De officier van justitie heeft per e-mailbericht van 29 mei 2019 onder andere als volgt meegedeeld. Er is contact gelegd met de betrokken Duitse autoriteiten. Deze zijn thans bezig het EAB te laten vervangen door een door de rechter ondertekend exemplaar. Alsdan wordt het nieuwe EAB aan het IRC gestuurd.
De officier van justitie meent dat een vrijlating van de opgeëiste persoon niet in de rede zou moeten liggen. Mocht de Rechtbank anders overwegen, dan wordt verzocht om over deze zaken een zitting te houden, zodat partijen in de gelegenheid worden gesteld hun standpunt in rechte kenbaar te maken.

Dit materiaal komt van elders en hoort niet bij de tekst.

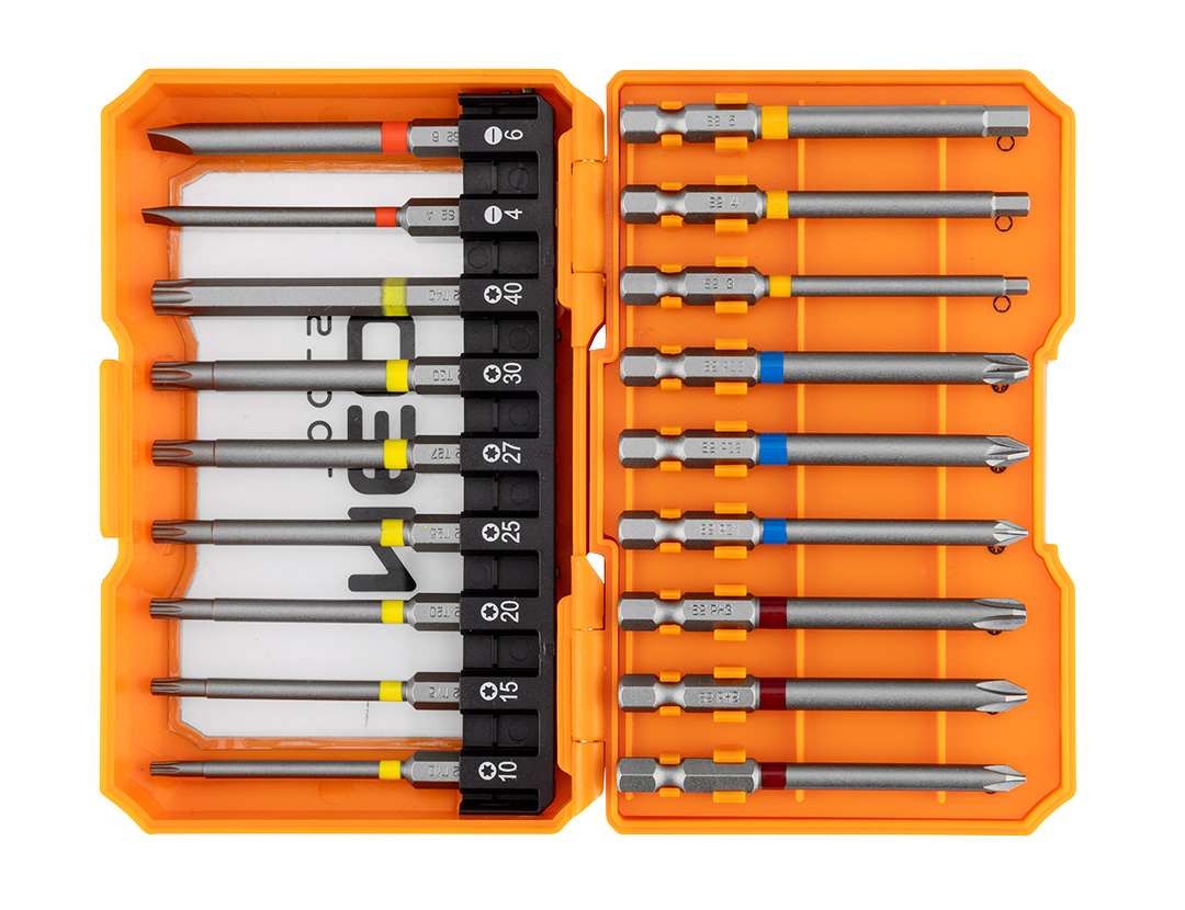 Zestaw bitów PH1, PH2, PH3, PZ1, PZ2, PZ3, SL4, SL6, H3, H4, H5, T10, T15, T20, T25, T27, T30, T40 o długości 75 mm, uchwyt 1/4" HEX, stal S2, zestaw 18 elementów

De rechtbank overweegt als volgt. Het EAB is uitgevaardigd door een Duits Openbaar Ministerie. Gelet op de rechtspraak van het Hof van Justitie van de Europese Unie (HvJ EU 27 mei 2019, C-508/18 en C-82/19 PPU, ECLI:EU:C:2019:456), moet worden aangenomen dat het EAB niet is uitgevaardigd door een rechterlijke autoriteit. Het EAB is dus niet een “rechterlijke beslissing” in de zin van artikel 1, eerste lid, van Kaderbesluit 2002/584/JHA, zodat het geen grondslag biedt voor vrijheidsbeneming.

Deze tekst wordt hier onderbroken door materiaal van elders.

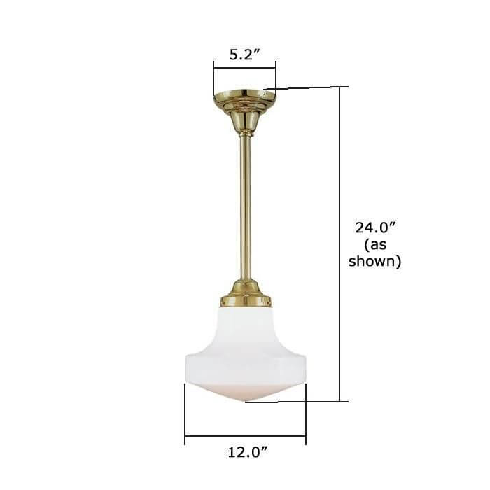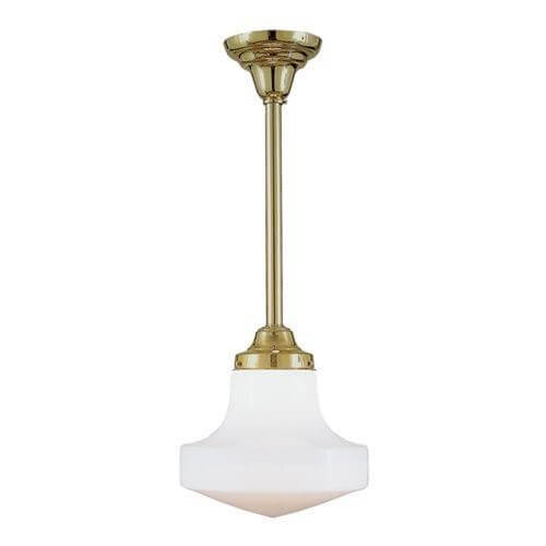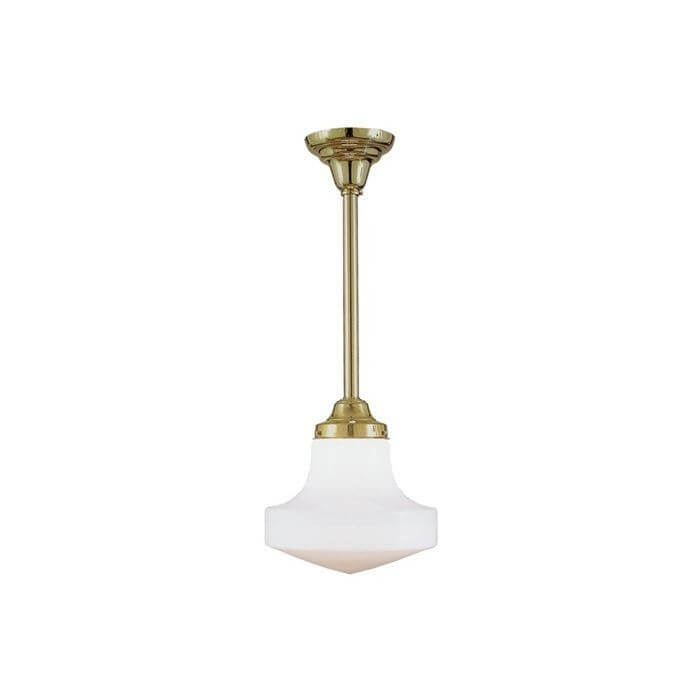 The Shoreland One Light Pendant with 4-1/4 inch shade holder is the paradigm of clean, simple design. Based on a 1905 original antique ceiling light, our handcrafted made in Milwaukee pendant can be ordered in any Overall Length based on your ceiling height. Shown in bright Polished Brass metal finish with a clean C308 Barcelona Shade. Use this light fixture over kitchen islands and counters, in home bars and pubs, in recreation rooms, laundry rooms, mud rooms, bathrooms, and hallways. Our most popular pendant due to affordability, quality, and style, the Shoreland One Light Pendant can be tailored to suit your room by choosing from our 13 high quality metal finishes and array of shade options. For assistance choosing the best metal finish, Overall Length, and shade for your ceiling pendant; please contact our sales team for helpful lighting design ideas and tips.
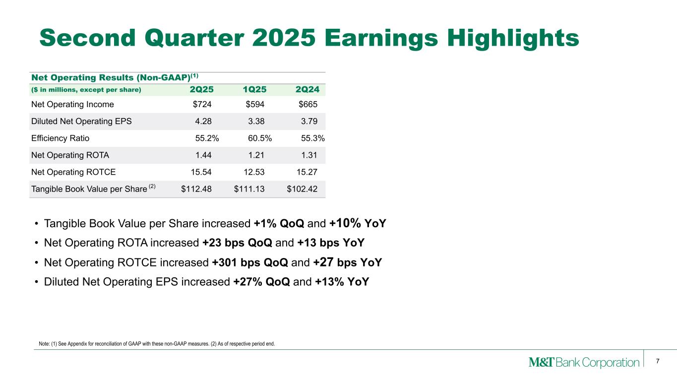 6 • Diluted EPS increased +28% QoQ and +14% YoY • Return on Assets rose +23 bps QoQ • Return on Common Equity increased +203 bps QoQ • Provision for Credit Losses declined -4% QoQ and -17% YoY • Efficiency Ratio(3) was 55.2% for 2Q25 Notable items ($ in millions, except per share) 2Q25 1Q25 2Q24 Amt(1) EPS Amt(1) EPS Amt(1) EPS Premium amortization for acquired securities(2) ($17) ($0.09) $— $— $— $— Gain on sale of out-of-footprint loan portfolio 15 0.07 — — — — Gain on sale of institutional services subsidiary 10 0.04 — — — — FDIC special assessment — — — — 5 0.02 Second Quarter 2025 Earnings Highlights GAAP ($ in millions, except per share) 2Q25 1Q25 2Q24 Revenues $2,396 $2,306 $2,302 Noninterest Expense 1,336 1,415 1,297 Provision for Credit Losses 125 130 150 Net Income 716 584 655 Diluted EPS 4.24 3.32 3.73 Return on Assets 1.37% 1.14% 1.24% Return on Common Equity 10.39 8.36 9.95 Net Interest Margin 3.62 3.66 3.59 Net Charge-offs % Avg Loans .32 .34 .41 Note: (1) Amounts presented before any related tax effect. (2) Taxable-equivalent net interest income impact was a decrease of $20 million (-4 bps impact to NIM). (3) See Appendix for reconciliation of GAAP with these non-GAAP measures.
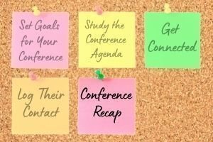 Keep yourself accountable by sharing your goals with a trusted industry peer, friend, partner, or even an industry-related social media group. Ask someone who is close to you to set aside time with you (5 min.) mid-conference and post-conference to check in on your goal progress.

De rechtbank ziet daarom geen aanleiding de beslissing over het voortduren van de overleveringsdetentie aan te houden om op een behandeling ter zitting (opnieuw) de standpunten van partijen te vernemen.
De rechtbank zal de overleveringsdetentie opheffen.

BESLISSING:

HEFT OP de overleveringsdetentie.

Deze beslissing is genomen op 29 mei 2019 door:
mr. C. Klomp, rechter,
in tegenwoordigheid van mr. A.T.P. van Munster, griffier.